IT is indisputable that the economic environment in the country has been improving with each month that passes.
If the levels in terms of economic fundamentals are anything to go by Zambia’s economy is headed for boom.
Due to resilience and clarity of thought of the new government administration, the economy has recorded a 180-degree spin in that if it was heading north it is now heading south, or if it was heading
west it is now heading east and vice versa.
In mathematical terms, from moving to the left of the Y-axis on the number-line it has already crossed the Y-axis back on the right side, on the X-axis!
Like I have indicated in this forum before, all the economic fundamentals in the last one year look buoyant and, therefore, exciting.
Take, for instance, inflation which according to Zambia Statistics Agency (ZAMSTATS) was about 24.4 per cent in August 2021, when the new leadership took over the government, and is now in single digit.
If one was to trace the inflation rate’s journey on its downward trends to the single-digit level since the United Party for National Development (UPND) came into power, one would see that in September
2021, it dropped to 22.6 per cent from 24.4 per cent and so on.
Therefore, since the ushering in of UPND into power the inflation has dropped from24.4 per cent to below 10 per cent.
Another important fundamental which has performed in an awe-inspiring manner is the local currency, the Kwacha.
This is one of economic benchmarks which positively responded to the declaration Mr Hakainde Hichilema as Zambia’s president-elect on August 16, 2021.
The dear Kwacha appreciated the most since 2015 while the Eurobonds due in 2024 jumped by almost 10 per cent to 73.56 cents on the dollar in London, the biggest gain then since April 2020 according to Bloomberg.
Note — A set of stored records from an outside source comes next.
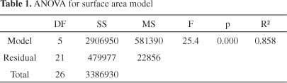 為了描述亞甲基藍和碘的數(shù)量相對于表面積的行為,使用二次模型。對于模型開發(fā),Kennard-Stone算法從105個樣本中選擇了27個樣本并用于校準(zhǔn)。樣品表面積從199到2105 m 2 g -1不等。亞甲基藍的數(shù)量在0到501毫克克每升之間,碘值從155到1670毫克克每升。建模后獲得的表面擬合(圖1)由公式4描述。
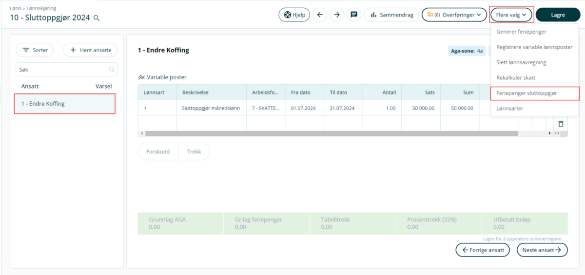 4. Klikk på Flere valg og velg Feriepenger sluttoppgjør.
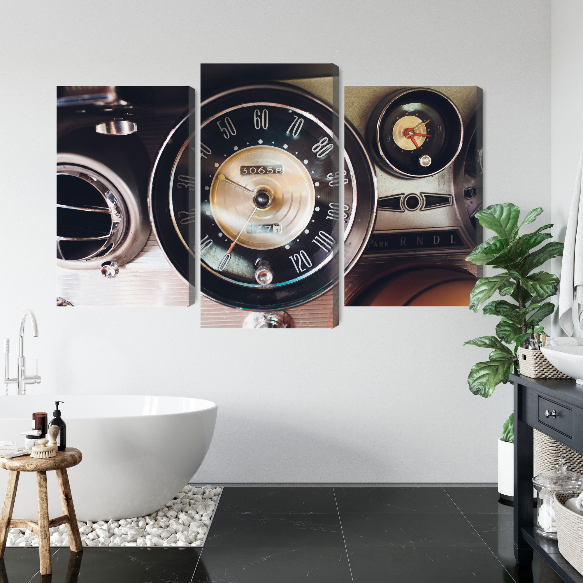 Varje tavla monteras på en massiv fururam. Format upp till 70×50 cm har en ram på 15 mm, medan format från 90×60 cm och uppåt har en ram på 20 mm. Den exakta dukspänningen gör att tavlan håller sin form över tid. Motivet The dashboard in an old car trycks runt hela ramen vilket ger ett stilrent galleriuttryck där tavlan är lika vacker från sidan som framifrån. Kombinationen av rak dukspänning, rena linjer och korrekt tryck ger en professionell finish.

The Kwacha which has since been on its upward movement trend is currently hovering around K16 per dollar and with only a few currencies to beat for the world’s best performing legal tender slot.
Another economic area which has scored awesome results is on the confidence of the international community and investors.
The international community and investors’ confidence for Zambia is at all-time high leading to the country’s attainment of the long-awaited International Monetary Fund (IMF) financial support.
Just this week and to affirm that high confidence the international community has in the country, the Zambia Development Agency (ZDA) says Zambia registered US$1.1 billion worth of investment and more than 8,000 jobs in the third quarter of this year.
According to the agency that was due to improved macroeconomic economic fundamentals.
That means that the country has become a preferred investment destination for the foreign investors.
The $1.1 billion investment posted is as compared to $631 million recorded in the same period in 2021, which translates into about 73 per cent rise.
Among the key sectors were manufacturing, which accounted for the highest figure of $396 million, energy, tourism, mining transport, construction, services, agriculture and health.
ZDA acting director general Albert Halwampa says this during a Press briefing in Lusaka on Monday.
The 8,307 jobs were recorded from 95 investment ventures.
“All this is happening due to the stable macroeconomic fundamentals. And as ZDA we are at a stage where investor confidence is at its highest level. We are now having an inflow of investors coming into this country because everybody sees that the foundation in Zambia is strong,” Mr Halwampa says.
During the period under review the ZDA monitored 27 projects recording real investment of $3.89 billion and creating 6,071 jobs.
“The total export earnings increased to $2.83 billion compared to $2.82 billion in the same period representing 0.35 per cent. Non Traditional Exports increased by 24.7 per cent to $907.17 million in the third quarter of 2022 from $729.19 million during the same period in 2021,”Mr Halwampa says.
According to the ZDA, the Democratic Republic of Congo (DRC) has continued accounting for the largest export share of $24.48 million, while $3.5 million was recorded from Mozambique.
Mr Halwampa says 1,279 businesses accessed Business Development Support (BDS) services including access to markets, finance technology and training.
This created 2,752 jobs compared to the 2021 period in which it supported 785 businesses and created 1,236 jobs.
One hopes that the $50,000 threshold for local investors will begin to take root in the fourth quarter of this year following the government’s decision to reduce the threshold of investing for local investors from $500 000 to $50,000.